Results: A total of 1148 neonates weighing 1750 g or less were delivered during the study period. There were 447 and 410 neonates delivered after preterm labor with intact membranes and PROM, respectively, and 245 neonates born to mothers with pregnancy-associated hypertension. Nine hundred twenty-eight neonates were AGA and the remaining 220 neonates were growth restricted. Antenatal steroids significantly decreased the incidence of RDS, the incidence and severity of intraventricular hemorrhage and periventricular leukomalacia, necrotizing enterocolitis, and neonatal mortality in preterm labor with intact membranes. In the presence of PROM, it significantly decreased the incidence and severity of intraventricular hemorrhage and periventricular leukomalacia and decreased neonatal mortality, with no apparent effect on the incidence of RDS. Antenatal steroids did not show any beneficial effect in pregnancy-associated hypertension and fetal growth restriction (FGR). Additionally, a significant increase was observed in the incidence of proved neonatal sepsis when antenatal steroids were used in pregnancy-associated hypertension.
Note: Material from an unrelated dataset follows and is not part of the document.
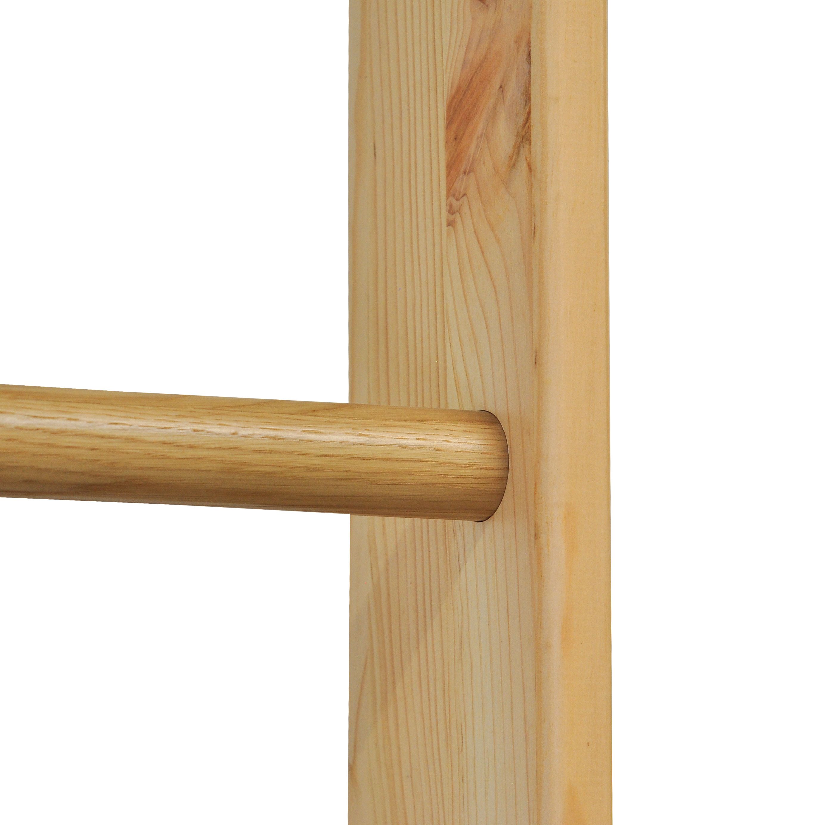 - Комбинированные материалы: основная конструкция выполнена из массива сосны, жердочки – из массива дуба, а три прочные фанерные перекладины связывают конструкцию, обеспечивая максимальную устойчивость.

Conclusion: The effectiveness of antenatal steroids varies with the obstetric population studied. Antenatal steroids significantly decreased the incidence of major neonatal morbidity and mortality in the AGA preterm neonate delivered after preterm labor with intact membranes. Antenatal steroids did not show any benefit in cases of pregnancy associated with maternal hypertension or FGR. Its effect in the presence of PROM is limited to a significant reduction in the incidence and severity of intraventricular hemorrhage and periventricular leukomalacia and in neonatal death.